Le taux de chômage s’élève à environ 69 %. Les bombes israéliennes ont dévasté les activités économiques et les infrastructures, ce qui signifie que la reprise sera très difficile.
“Le traumatisme est très particulier à Gaza parce qu’il est en train de se dérouler et il se superpose de manière répétitive à un traumatisme collectif historique”, a souligné le Dr Jabr. “Et il n’y a aucun endroit sûr où les familles et les enfants peuvent se réfugier à Gaza”.
Il est arrivé qu’elle et ses collègues interviennent alors que la situation traumatisante se déroulait. “J’entendais les bombardements en arrière-plan lorsque les gens m’appelaient de Gaza. C’était une situation très inhabituelle.”
Elle explique que les professionnels de la santé mentale ne sont pas équipés pour fournir des interventions adaptées à des situations aussi chaotiques. “Néanmoins, nous soutenons les gens en leur conseillant de garder les pieds sur terre et de maintenir leur routine habituelle de la journée malgré toutes les difficultés.”
Une série de recherches sur les effets de la guerre sur les enfants palestiniens vivant dans la bande de Gaza a conclu que les symptômes de dépression, d’anxiété et de syndrome de stress post-traumatique (SSPT) étaient prédominants chez les enfants qui avaient été exposés à des événements très pénibles, tels que la destruction de leur maison familiale, la mort de membres de leur famille, la vue et l’ouïe des avions à réaction et des bombes, et l’arrestation de membres de leur famille.
Les effets sont graves et peuvent entraver considérablement la capacité de l’enfant à dormir, provoquer un manque de concentration et des crises de panique, ainsi que de l’anxiété. Ce qui est peut-être encore plus inquiétant, c’est qu’ils inspirent une peur constante.
Le Dr Jabr estime que leurs souffrances dépassent en fait la définition du SSPT. Les interventions et les outils de mesure de la dépression mis au point par les Occidentaux n’ont pas tendance à faire la distinction entre une détresse justifiée et une dépression clinique. De même, les définitions cliniques du syndrome de stress post-traumatique et de la dépression ne s’appliquent pas aux expériences des Palestiniens.
Outre d’horribles blessures physiques et de multiples privations, ces enfants palestiniens sont confrontés à un traumatisme psychologique incomparable et à une pauvreté écrasante, avec peu ou pas d’accès au soutien et aux soins médicaux dont ils ont si désespérément besoin.
“C’est l’intensité de la violence et des atrocités qui les entourent. Habituellement, nous sommes formés pour intervenir auprès des personnes traumatisées dans le cas de traumatismes liés à un événement primaire, comme un accident de voiture ou une blessure grave. Cependant, dans la vie d’un enfant palestinien, il y a un contexte de traumatisme historique, générationnel et collectif. Quatre-vingt pour cent des Palestiniens de Gaza sont issus de familles de réfugiés qui ont perdu leur maison et bien plus encore, et cette perte énorme reste au sein de la famille. Leurs familles ont également participé à l’Intifada et maintenant ils sont témoins de multiples guerres et massacres, en plus de la pauvreté.”
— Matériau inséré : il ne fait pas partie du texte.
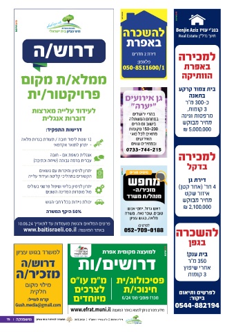 פרטים המלאים והגשת מועמדות עד לתאריך 10.06.24 טובים ,שכר נאה ,משרה להשכרה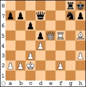 Ralf Dunsbach - obwohl schon relativer Spezialist in der Grünfeld-Verteidigung - wusste und fand das nicht. Nach 13. ... Se4 14. d7 Te7 15. Sxe4 Txe4 16. Lg5 Lf6 17. Lxf6 Dxf6 18. Dc3! entstand die zweite Diagrammstellung, in der die Lage schon sehr schwierig ist. Schwarz entschied sich schweren Herzens für 18. ... Dxc3(!) 19. d8=D+, verlor aber die Qualität und später die Partie.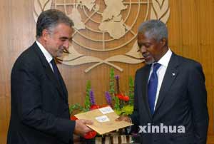 أوكامپو مع السكرتير السابق ي الأمم المتحدة كوفي عنان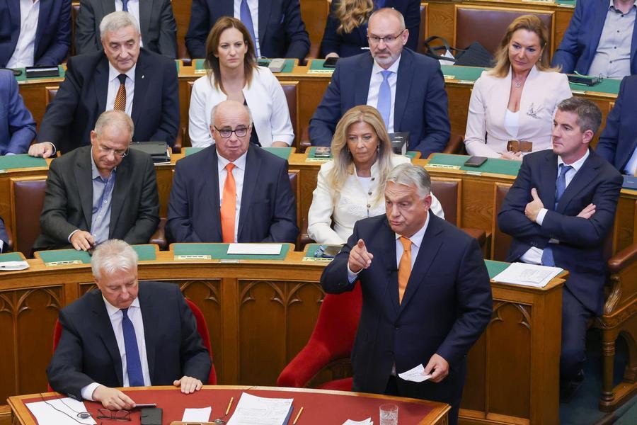 O primeiro-ministro húngaro, Viktor Orbán, discursa na sessão de outono do Parlamento húngaro em Budapeste, Hungria, em 22 de setembro de 2025. (Foto por Attila Volgyi/Xinhua)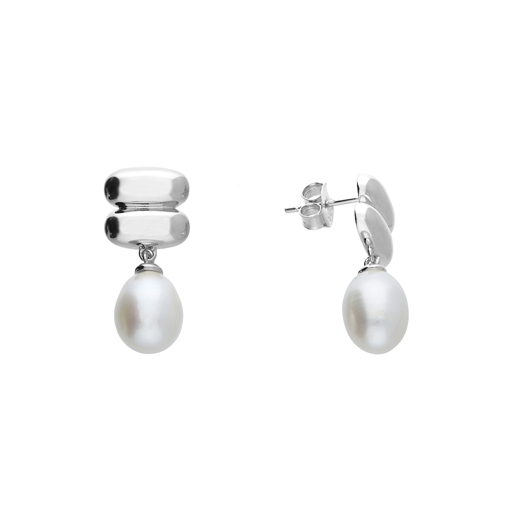 Created from high-quality 925 sterling silver, this elegant set pairs a luminous pearl pendant with matching stud earrings. The necklace features a single pearl suspended beneath a sleek, sculptural silver setting, suspended from a fine silver chain that rests delicately at the neckline. The coordinating stud earrings showcase a modern chunky double bar design, each topped with a delicate drop pearl and secured with butterfly backs for comfort and stability during everyday wear. Perfect for layering or wearing as a complete set, this collection combines contemporary design with timeless pearl elegance—ideal for both everyday sophistication and special occasions.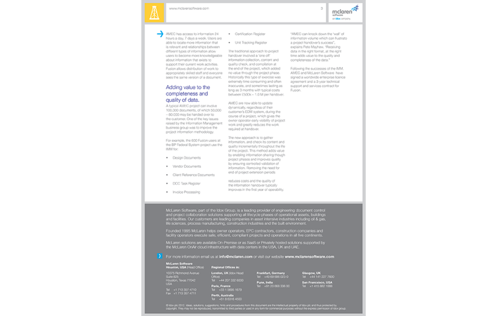 McLaren Software are a company focusing on Engineering Document Management, Control and Collaboration Solutions. I currently help out with brochure layouts, type setting and occasionally creating brochure logos.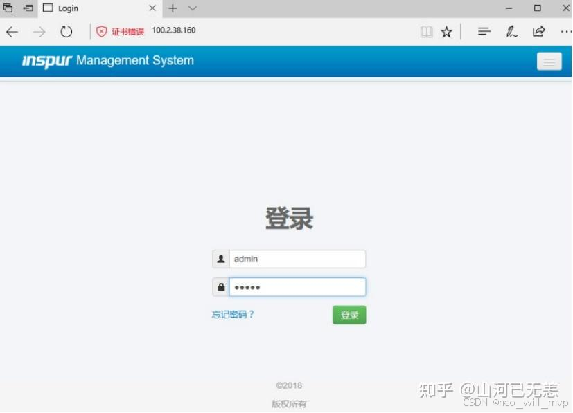 默认密码一般为 admin/admin,登录成功之后,我们就可以通过 Web 端来实现对服务器的远程控制,进行系统安装

Ils se retrouvent sans aucun espoir de liberté, a-t-elle ajouté, ni aucun signe que leur situation va changer. Le siège fracture les esprits. En réaction, il existe une culture d’apathie à l’égard du sort des Palestiniens de Gaza et de leur cause, ce qui détériore encore plus leur santé mentale.
“Lorsque les gens voient que les puissances mondiales se rangent du côté de l’agresseur et disent qu’Israël a le droit de se défendre et ignorent tous les meurtres qui ont lieu à Gaza, les parents palestiniens ont le sentiment d’être blâmés pour le meurtre de leurs enfants par les forces d’occupation israéliennes”, a déclaré le Dr Jabr. “C’est traumatisant”.
Détourner les soupçons vers la victime, justifiant ou excusant ainsi la violation initiale qu’elle a subie, est une tentative claire d’éviter la culpabilité israélienne pour la mort d’enfants palestiniens. En plus de cette déshumanisation du peuple palestinien, une telle approche permet de négliger le pourquoi et le comment de la mort de ces enfants.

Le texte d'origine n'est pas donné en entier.